Items listed in a dataset
[Start of Attachment]

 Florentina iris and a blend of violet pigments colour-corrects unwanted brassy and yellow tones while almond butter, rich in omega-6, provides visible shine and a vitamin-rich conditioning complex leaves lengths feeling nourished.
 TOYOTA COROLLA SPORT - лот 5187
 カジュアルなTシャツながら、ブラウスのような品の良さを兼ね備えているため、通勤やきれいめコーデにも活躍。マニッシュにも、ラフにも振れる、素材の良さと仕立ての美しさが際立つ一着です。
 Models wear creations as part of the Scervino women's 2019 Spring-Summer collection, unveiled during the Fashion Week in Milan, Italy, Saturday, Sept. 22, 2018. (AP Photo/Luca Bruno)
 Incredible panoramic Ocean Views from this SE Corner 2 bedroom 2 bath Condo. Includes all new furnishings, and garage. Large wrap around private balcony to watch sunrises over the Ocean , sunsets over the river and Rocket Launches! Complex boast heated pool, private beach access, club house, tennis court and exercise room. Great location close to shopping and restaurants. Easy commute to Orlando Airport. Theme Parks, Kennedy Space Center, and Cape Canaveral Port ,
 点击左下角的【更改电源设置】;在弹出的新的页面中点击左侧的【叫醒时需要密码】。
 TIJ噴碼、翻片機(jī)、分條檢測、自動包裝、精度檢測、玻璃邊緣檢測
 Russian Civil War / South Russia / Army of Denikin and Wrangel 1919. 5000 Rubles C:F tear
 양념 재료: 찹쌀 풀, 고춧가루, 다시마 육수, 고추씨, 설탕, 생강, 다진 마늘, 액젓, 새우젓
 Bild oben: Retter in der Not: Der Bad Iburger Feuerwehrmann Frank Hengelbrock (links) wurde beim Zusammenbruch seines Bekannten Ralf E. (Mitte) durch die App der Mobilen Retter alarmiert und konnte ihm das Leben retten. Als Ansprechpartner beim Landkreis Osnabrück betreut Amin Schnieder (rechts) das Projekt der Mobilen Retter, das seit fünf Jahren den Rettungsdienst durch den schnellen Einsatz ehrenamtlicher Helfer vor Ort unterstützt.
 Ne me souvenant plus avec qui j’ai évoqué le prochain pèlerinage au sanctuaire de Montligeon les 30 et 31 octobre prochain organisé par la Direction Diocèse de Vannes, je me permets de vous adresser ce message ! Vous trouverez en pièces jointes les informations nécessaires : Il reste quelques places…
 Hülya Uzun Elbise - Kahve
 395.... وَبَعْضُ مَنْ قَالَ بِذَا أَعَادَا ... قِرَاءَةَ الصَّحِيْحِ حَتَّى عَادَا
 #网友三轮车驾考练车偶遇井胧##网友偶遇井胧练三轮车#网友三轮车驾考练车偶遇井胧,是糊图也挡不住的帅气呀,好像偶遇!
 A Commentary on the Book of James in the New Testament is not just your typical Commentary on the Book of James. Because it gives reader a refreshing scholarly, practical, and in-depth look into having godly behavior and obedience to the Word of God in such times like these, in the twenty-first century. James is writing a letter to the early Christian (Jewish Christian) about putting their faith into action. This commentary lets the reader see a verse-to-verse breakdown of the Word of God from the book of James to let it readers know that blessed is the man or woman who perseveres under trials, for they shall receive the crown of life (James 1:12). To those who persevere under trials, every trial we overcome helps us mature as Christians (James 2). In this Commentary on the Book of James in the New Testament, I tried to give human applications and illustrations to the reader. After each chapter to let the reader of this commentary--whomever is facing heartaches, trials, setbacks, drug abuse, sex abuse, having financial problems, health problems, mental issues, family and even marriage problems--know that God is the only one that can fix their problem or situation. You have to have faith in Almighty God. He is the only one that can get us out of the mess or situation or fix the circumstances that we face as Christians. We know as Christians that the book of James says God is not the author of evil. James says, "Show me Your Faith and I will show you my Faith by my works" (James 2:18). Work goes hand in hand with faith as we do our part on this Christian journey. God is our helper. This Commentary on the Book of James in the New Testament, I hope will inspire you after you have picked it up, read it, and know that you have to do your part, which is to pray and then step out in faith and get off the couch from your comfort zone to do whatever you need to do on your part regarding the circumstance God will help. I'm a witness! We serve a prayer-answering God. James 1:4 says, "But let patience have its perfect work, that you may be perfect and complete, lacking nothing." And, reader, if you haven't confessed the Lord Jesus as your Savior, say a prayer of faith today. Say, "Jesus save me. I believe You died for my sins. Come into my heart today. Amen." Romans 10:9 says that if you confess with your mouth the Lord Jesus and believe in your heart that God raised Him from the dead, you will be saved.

[End of Attachment]

> **WHAT THE TASK ASKS**
Quote every entry exactly.

> **COMPLETED EXERCISE**
 Florentina iris and a blend of violet pigments colour-corrects unwanted brassy and yellow tones while almond butter, rich in omega-6, provides visible shine and a vitamin-rich conditioning complex leaves lengths feeling nourished.
 TOYOTA COROLLA SPORT - лот 5187
 カジュアルなTシャツながら、ブラウスのような品の良さを兼ね備えているため、通勤やきれいめコーデにも活躍。マニッシュにも、ラフにも振れる、素材の良さと仕立ての美しさが際立つ一着です。
 Models wear creations as part of the Scervino women's 2019 Spring-Summer collection, unveiled during the Fashion Week in Milan, Italy, Saturday, Sept. 22, 2018. (AP Photo/Luca Bruno)
 Incredible panoramic Ocean Views from this SE Corner 2 bedroom 2 bath Condo. Includes all new furnishings, and garage. Large wrap around private balcony to watch sunrises over the Ocean , sunsets over the river and Rocket Launches! Complex boast heated pool, private beach access, club house, tennis court and exercise room. Great location close to shopping and restaurants. Easy commute to Orlando Airport. Theme Parks, Kennedy Space Center, and Cape Canaveral Port ,
 点击左下角的【更改电源设置】;在弹出的新的页面中点击左侧的【叫醒时需要密码】。
 TIJ噴碼、翻片機(jī)、分條檢測、自動包裝、精度檢測、玻璃邊緣檢測
 Russian Civil War / South Russia / Army of Denikin and Wrangel 1919. 5000 Rubles C:F tear
 양념 재료: 찹쌀 풀, 고춧가루, 다시마 육수, 고추씨, 설탕, 생강, 다진 마늘, 액젓, 새우젓
 Bild oben: Retter in der Not: Der Bad Iburger Feuerwehrmann Frank Hengelbrock (links) wurde beim Zusammenbruch seines Bekannten Ralf E. (Mitte) durch die App der Mobilen Retter alarmiert und konnte ihm das Leben retten. Als Ansprechpartner beim Landkreis Osnabrück betreut Amin Schnieder (rechts) das Projekt der Mobilen Retter, das seit fünf Jahren den Rettungsdienst durch den schnellen Einsatz ehrenamtlicher Helfer vor Ort unterstützt.
 Ne me souvenant plus avec qui j’ai évoqué le prochain pèlerinage au sanctuaire de Montligeon les 30 et 31 octobre prochain organisé par la Direction Diocèse de Vannes, je me permets de vous adresser ce message ! Vous trouverez en pièces jointes les informations nécessaires : Il reste quelques places…
 Hülya Uzun Elbise - Kahve
 395.... وَبَعْضُ مَنْ قَالَ بِذَا أَعَادَا ... قِرَاءَةَ الصَّحِيْحِ حَتَّى عَادَا
 #网友三轮车驾考练车偶遇井胧##网友偶遇井胧练三轮车#网友三轮车驾考练车偶遇井胧,是糊图也挡不住的帅气呀,好像偶遇!
 A Commentary on the Book of James in the New Testament is not just your typical Commentary on the Book of James. Because it gives reader a refreshing scholarly, practical, and in-depth look into having godly behavior and obedience to the Word of God in such times like these, in the twenty-first century. James is writing a letter to the early Christian (Jewish Christian) about putting their faith into action. This commentary lets the reader see a verse-to-verse breakdown of the Word of God from the book of James to let it readers know that blessed is the man or woman who perseveres under trials, for they shall receive the crown of life (James 1:12). To those who persevere under trials, every trial we overcome helps us mature as Christians (James 2). In this Commentary on the Book of James in the New Testament, I tried to give human applications and illustrations to the reader. After each chapter to let the reader of this commentary--whomever is facing heartaches, trials, setbacks, drug abuse, sex abuse, having financial problems, health problems, mental issues, family and even marriage problems--know that God is the only one that can fix their problem or situation. You have to have faith in Almighty God. He is the only one that can get us out of the mess or situation or fix the circumstances that we face as Christians. We know as Christians that the book of James says God is not the author of evil. James says, "Show me Your Faith and I will show you my Faith by my works" (James 2:18). Work goes hand in hand with faith as we do our part on this Christian journey. God is our helper. This Commentary on the Book of James in the New Testament, I hope will inspire you after you have picked it up, read it, and know that you have to do your part, which is to pray and then step out in faith and get off the couch from your comfort zone to do whatever you need to do on your part regarding the circumstance God will help. I'm a witness! We serve a prayer-answering God. James 1:4 says, "But let patience have its perfect work, that you may be perfect and complete, lacking nothing." And, reader, if you haven't confessed the Lord Jesus as your Savior, say a prayer of faith today. Say, "Jesus save me. I believe You died for my sins. Come into my heart today. Amen." Romans 10:9 says that if you confess with your mouth the Lord Jesus and believe in your heart that God raised Him from the dead, you will be saved.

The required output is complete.